KEVIN KLUES: Sure. So the term GPU stands for graphics processing unit. And traditionally they've been used for running algorithms that drive graphics-based workloads. A little over 10 years ago, though, people discovered that they could start running machine learning style algorithms or artificial intelligence algorithms on these devices because of the high amount of parallelism that they provide. Nowadays there are still use cases for running graphics, but the vast majority of chips that are sold today are used for exactly this, running machine learning and artificial intelligence style algorithms on them.

CRAIG BOX: Perhaps we can continue with a crash course in the concepts of machine learning. We hear things like training and inference. What are the differences between those two phases of the machine learning process and how they utilize GPUs?

PRADEEP VENKATACHALAM: Typical machine learning applications have two phases, the training and inference. So the training is the first step, where you feed the system a bunch of data for which you know the answers ahead of time. And the system will kind of train itself. And once it's trained, what we get is a machine learning model which represents the structure of the neural net, the weights that go into it, and all of that.

You take this model and you deploy it into your production system. And this is the phase we call serving, where you take a trained model and you send user requests to it. For example, if you build an image recognition system, you'd first start off in the training phase. You would feed the system millions of images, for which you know the answers to.

And then you generate a model. And then you deploy it in your production infrastructure. And then you can use it for serving. So, for example, if the user uploads a picture of a cat, you can run it through your serving infrastructure, and it'll tell you that it's a cat. So these are the two phases, training and serving.

CRAIG BOX: We use the word inference sometimes. Is that because we infer that the picture that was sent to us is, in fact, a cat?

PRADEEP VENKATACHALAM: Yes, exactly. So serving and inference are kind of used interchangeably.

CRAIG BOX: So GPUs are pretty hot as far as computing is concerned. Can they run "Doom"?

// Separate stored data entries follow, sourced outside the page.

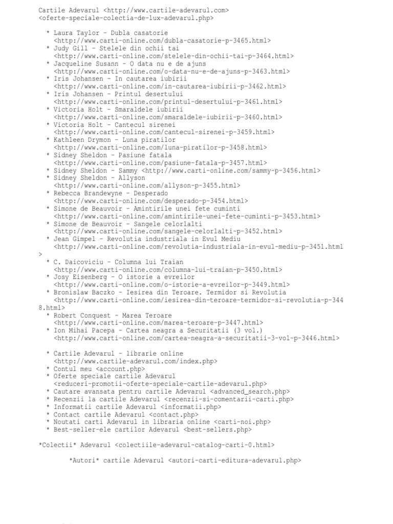 As vrea sa cumpar colectia adevarul 100 de carti pe care trebuie sa le ai dar nu gasesc pe paginile dumneavoastra de internet o adresa unde pot face comanda. Diversi autori adevarul 240 00ron 227 99ron. Cianura pentru un suras. M ar ajuta foarte mult daca ati putea sa mi furnizati o informatie in acest sens.
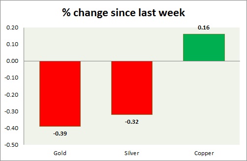 The metal pack is down today. Performance this week at a glance in chart & table -
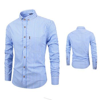 Camisa a cuadros de manga larga de algodón transpirable para hombre, camisa informal ajustada para hombre

KEVIN KLUES: Can they run "Doom," the third person computer game from the '90s?

CRAIG BOX: The ultimate test for a computing device is, can it run Doom.

KEVIN KLUES: I see.

CRAIG BOX: I figure GPUs, they're pretty powerful computers. They should be able to run Doom.

KEVIN KLUES: I could imagine that GPUs are able to drive the video for Doom, yes.

CRAIG BOX: I think pocket calculators these days can pretty much drive the video for Doom. [LAUGHING] Cryptocurrency aside, why are GPUs so expensive?

KEVIN KLUES: There's probably two reasons. One is that the demand for them nowadays is so high. Not only can you do cryptocurrency, Bitcoin mining, and things like that, but all of this proliferation of machine learning in all aspects of technology, the way that's been growing and accelerating, GPUs are in high demand to serve those workloads. And second, it actually is quite expensive to run GPUs.

So when they're sitting in your data center, they actually draw quite a bit of power. And as they're cranking away on these algorithms, it's actually expensive to run and not just use as an end-user.

CRAIG BOX: One of the magic things about CPUs is how we can use them for multitasking. Kubernetes takes that to extremes in terms of sharing the CPU and the memory on a machine with its declarative model. Now GPUs are not traditionally shared. Is that because they come from a world of generating output that's sent just to the one video card that's plugged into it?

KEVIN KLUES: I'd say the reason they're not traditionally shared is more of just the history behind where they come from. Traditionally, you would plug a GPU into a machine. You'd install a bunch of drivers on that machine. And then you'd have some users log on to that machine and start using them. You didn't have to worry about them sitting up in some cloud environment, containers running on top of them, lots of people wanting to share access to them. You could time slice and share users directly on the system where they were sitting, rather than having to virtualize that, or somehow get multiple people to access it where they might not necessarily trust each other.

CRAIG BOX: So how would that work in the single user case? You mentioned time slicing there. Do people come along and run jobs, and some sort of batch processing system allocates them?

KEVIN KLUES: At least with NVIDIA GPUs there is a programming interface called CUDA which most people use to interface to running workloads on top of the GPU. And CUDA itself has a mechanism inside of it, where you can submit jobs to CUDA and it will automatically multiplex workloads on top of your GPU, the same way as running a program on top of the CPU would work. At least from the end user's perspective, that's what it feels like.

But it obviously doesn't give you the isolation guarantees and things you would expect, if you were running in a more multitenanted environment.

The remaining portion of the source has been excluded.